Каким образом эта новая ситуация сказалась на универсализирующей матрице?

Вспомним еще раз средневековый университет. Универсализация представителя тогдашней интеллектуальной элиты достигалась не только через знания высшего уровня, усвоенные на университетской скамье, то есть посредством обучения, но и через ценности, равным образом транслируемые посредством универсализирующей матрицы по ходу воспитания. Знания, были, конечно, важны, но не менее важными были и странствования, которые выполняли двойную функцию: с одной стороны, они дозавершали формирование личности, практически вписывая её в состав мира (представление о котором теоретически было усвоено в общих чертах еще до того на подготовительном факультете «семи свободных искусств»), с другой стороны, странствования становились введением в специальность, что в сумме и предопределяло эффект самовоспитания. Формирование специалиста высшего уровня, таким образом, осуществлялось как по ходу усвоения формализованного опыта (то есть посредством обучения, через трансляцию знаний), так и в процессе непосредственного проживания опыта, усвоения его содержания (то есть неформализованным путем, который по большей части и закладывал основу воспитания, ценностного отношения к миру). Университетская же реформа XIX века, заявленный ею образовательный идеал (Вildung) и главным образом форма его реализации под началом гегелевской философии предопределили стяжение опыта в  научное знание, в науку и, следовательно, воплощение в жизнь такого варианта, как преобладание обучения над воспитанием. Если же принять во внимание, что в «немецкой модели» университета основой i (3)образовательного процесса вместе с фигурой преподавателя-исследователя стала лекция (и в меньшей степени закрепляющее её семинарское занятие), ориентированная на строгое по форме, в высшей степени формализованное преподавание дисциплин, а также если прибавить к этому то обстоятельство, что роль научного лидера де факто перешла от философии к естествознанию с его формализованными моделями трансляции знаний (знаний, а не ценностей!), то не приходится удивляться быстрой, почти мгновенной по историческим меркам реализации тенденции по полному вытеснению воспитательной составляющей из универсализирующей матрицы с последующим заполнением образующегося при этом  «преподавательского пространства» обучением.

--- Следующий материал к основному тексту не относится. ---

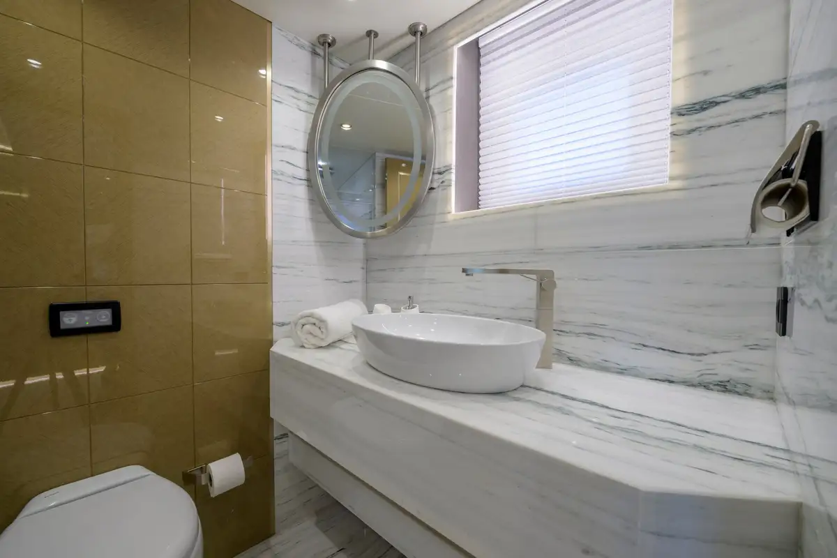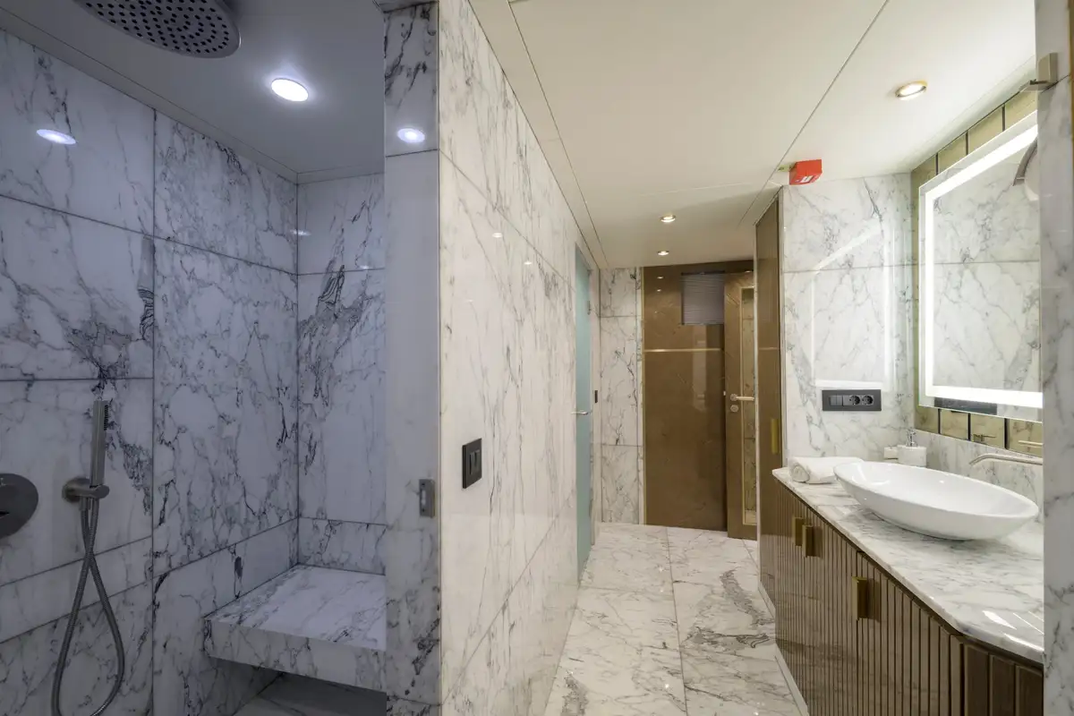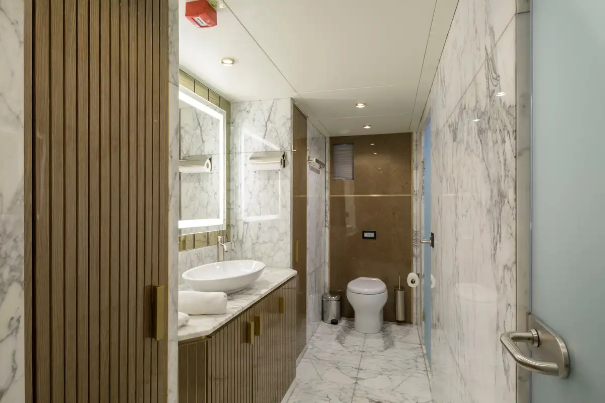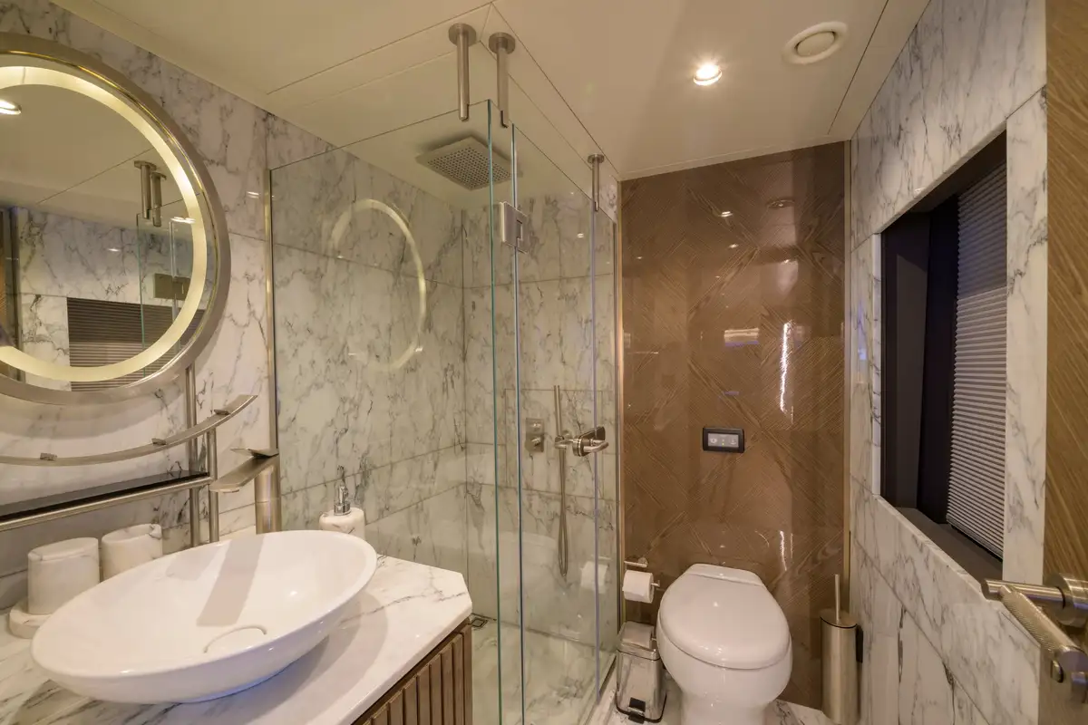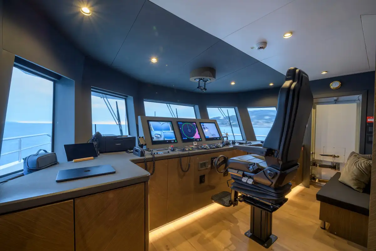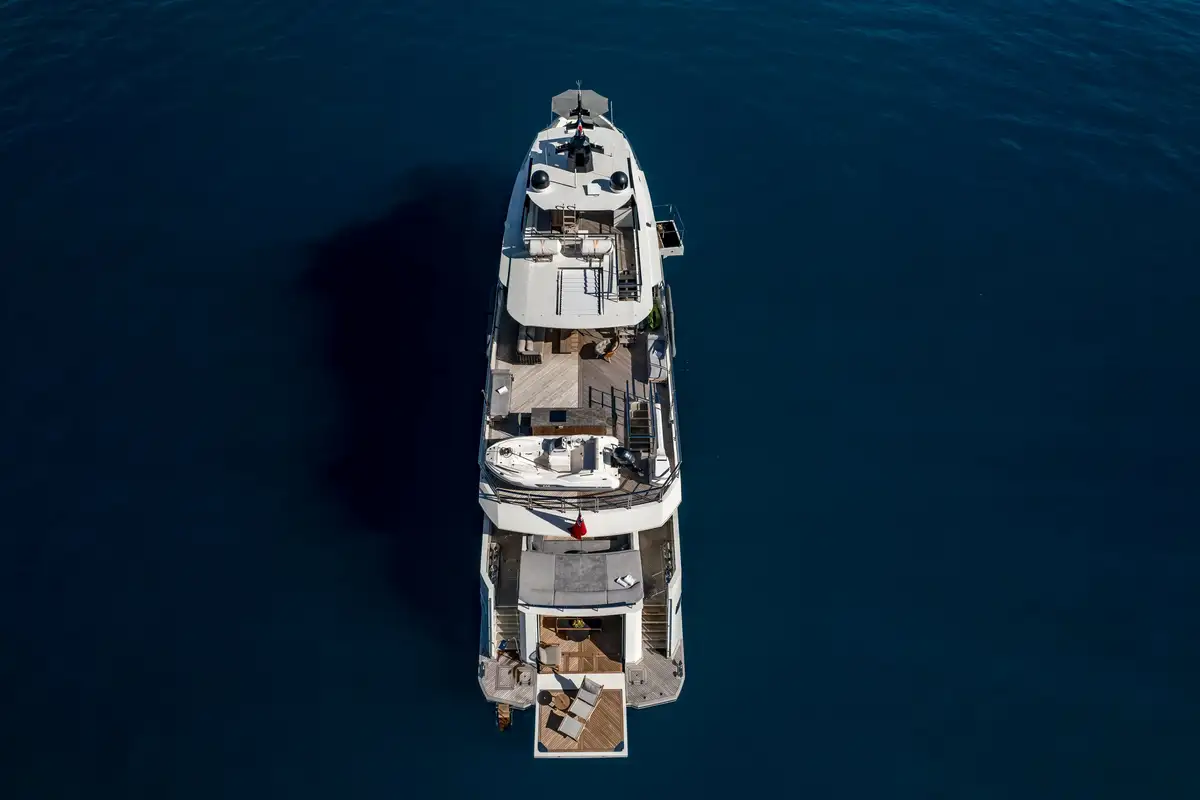 Powered by twin MAN 1,300HP engines, EBYSHINE reaches a top speed of 13.5 knots and cruises comfortably at 10 knots, with an outstanding range of 4,050 nautical miles. She is equipped with CMC zero-speed stabilisers for enhanced comfort underway and at anchor, and is RINA classified for short-range charter.
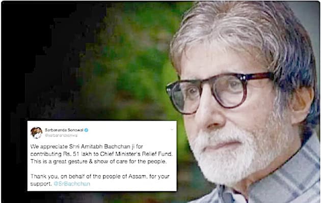 گوہاٹی۔24 جولائی (سیاست ڈاٹ کام) بالی ووڈ کے مشہور اداکار امیتابھ بچن نے آسام کے سیلاب سے متاثرہ لوگوں کے لیے آسام کے چیف منسٹر فنڈ میں 51 لاکھ روپیوں

Этапы соответствующих трансформаций таковы. Сначала ни у кого не вызвало никаких возражений то вполне справедливое утверждение, что само обучение и приобщение студента к процессу исследования обладают серьезным воспитательным значением. Еще один шаг, и повсеместно господствующим становится убеждение, что воспитательный компонент университетского образования в основном исчерпывается духом исследовательской пытливости, тягой к новизне, научной добросовестностью и прочими «ценностями позитивной науки», то есть естествознания, которое уже к середине XIX века основательно пропитало своими методологическими и мировоззренческими установками все дисциплины социогуманитарного цикла и окончательно взяло верх в звене обучения. Следующий шаг в продолжение избранной линии – и воспитание в университетском образовании становится не более чем риторической фразой.

Что же касается таких проявлений академической свободы, как провозглашенные на заре университетской реформы и реализуемые до сих пор в некоторых странах такие права, как право студентов переходить с факультета на факультет, право систематически мигрировать из одного университета в другой, а также право менять руководителя своей научной и дипломной i (4)работы, которые, казалось бы, можно было бы уподобить средневековым странствованиям, нацеленным на самовоспитание, то в отличие от последних, все перемещения студента современного университета малосодержательны именно в воспитательном плане, поскольку осуществляются уже в рамках специализации, после выбора факультета и профессии. Они стимулируются не столько стремлением понять смысл своего жизненного предназначения, как это было характерно для средневекового студенчества, сколько поисками более благоприятных условий для получения профессиональных знаний и подготовки к научной деятельности, то есть как раз для обучения, а не для воспитания, тогда как «годы странствий» потому и несли с собой эффект самовоспитания, что, предшествуя специализации, сопровождались напряженным поиском собственного жизненного предназначения, своего университета и своего факультета. 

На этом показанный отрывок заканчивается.